The cluster centers can give information about the variables belonging to the clusters


In [None]:
# form a dataframe containing cluster centers
# 'cluster_centers_' returns the co-ordinates of a cluster center 
centers = pd.DataFrame(model.cluster_centers_, columns=  data_output.columns[1:36])      

In [None]:
# head() to display top five rows
centers.head()

**Now, extract the variables in each of the clusters and try to name each of the cluster based on the variables**


# Clusters Analysis



##  Analysis of Cluster_1

1. Check the size of a cluster
2. Sort the variables belonging to the cluster
3. Compute the statistical summary for observations in the cluster

Sort all the variables based on value for the cluster center (i.e., the variable with the highest value of the cluster center will be on top of the sorted list) and store the first ten variables as a list

In [None]:
# sort the variables based on cluster centers
cluster_1 = sorted(zip(list(centers.iloc[0,:]), list(centers.columns)), reverse = True)[:10]     

**Check size of the cluster**

In [None]:
# size of a cluster_1
np.unique(model.labels_, return_counts=True)[1][0]

**2. Sort variables belonging to the cluster**

In [None]:
# retrieve the top 10 variables present in the cluster
cluster1_var = pd.DataFrame(cluster_1)[1]
cluster1_var

**Compute the statistical summary for observations in the cluster**

In [None]:
# get summary for observations in the cluster
# consider the number of orders and customer gender for cluster analysis
data_output[['Orders', 'Gender_F', 'Gender_M', 'Cluster']][data_output.Cluster == 0].describe()

The proportion of both male and female customers is proportionate in this cluster as compared to the overall gender proportion in the dataset

 
## Analysis of Cluster_2

In [None]:
# sort the variables based on cluster centers
cluster_2 = sorted(zip(list(centers.iloc[1,:]), list(centers.columns)), reverse = True)[:10]     

**1. Check the size of a cluster**

In [None]:
# size of a cluster_2
np.unique(model.labels_, return_counts=True)[1][1]

561 customers belong to cluster_2. This is the smallest cluster

**2. Sort variables belonging to the cluster**

In [None]:
# retrieve the top 10 variables present in the cluster
cluster2_var = pd.DataFrame(cluster_2)[1]
cluster2_var        

**3. Compute the statistical summary for observations in the cluster**

In [None]:
# get summary for observations in the cluster
# consider the number of orders and customer gender for cluster analysis
data_output[['Orders', 'Gender_F', 'Gender_M', 'Cluster']][data_output.Cluster == 1].describe()

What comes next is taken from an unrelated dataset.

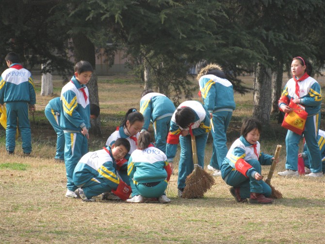 枣阳市第一实验小学的少先队员们也活跃在公园里,用扫帚、火钳、纸袋仔细地搜寻着垃圾

This cluster contains highest male population among all the clusters. But, there is high deviation in both the genders

<a id='cluster_3'></a>
## 6.3 Analysis of Cluster_3

In [None]:
# sort the variables based on cluster centers
cluster_3 = sorted(zip(list(centers.iloc[2,:]), list(centers.columns)), reverse = True)[:10]   

**1. Check the size of a cluster**

In [None]:
# size of cluster_3
np.unique(model.labels_, return_counts=True)[1][2]

**2. Sort variables belonging to the cluster**

In [None]:
# retrieve the top 10 variables present in the cluster
cluster3_var = pd.DataFrame(cluster_3)[1]
cluster3_var             

**3. Compute the statistical summary for observations in the cluster**

In [None]:
# get summary for observations in the cluster
# consider the number of orders and customer gender for cluster analysis
data_output[['Orders', 'Gender_F', 'Gender_M', 'Cluster']][data_output.Cluster == 2].describe()


## Analysis of Cluster_4

In [None]:
# sort the variables based on cluster centers
cluster_4 = sorted(zip(list(centers.iloc[3,:]), list(centers.columns)), reverse=True)[:10]   

**1. Check the size of a cluster**

In [None]:
# size of cluster_4
np.unique(model.labels_, return_counts=True)[1][3]

**2. Sort variables belonging to the cluster**

In [None]:
# retrieve the top 10 variables present in the cluster
cluster4_var = pd.DataFrame(cluster_4)[1]
cluster4_var             

**3. Compute the statistical summary for observations in the cluster**

In [None]:
# get summary for observations in the cluster
# consider the number of orders and customer gender for cluster analysis
data_output[['Orders', 'Gender_F', 'Gender_M', 'Cluster']][data_output.Cluster==3].describe()


## Conclusion

**In this case study, we have grouped the customers' dataset into 4 clusters based on the brands they have searched on e-commerce sites. We have used the silhouette score method to find the optimum number of clusters and decided k = 4 as the best pick after analyzing the silhouette score.**

**After applying the K-means algorithm with an optimized number of clusters, we segment the customers under 'Grocery', 'Apparels', 'Electronics', and 'Basket class' categories. These clusters give information about the interest of the customer in the different brands. This type of segmentation can help the e-commerce companies, to know the customer's choices and they can provide more accurate recommendations to the customers**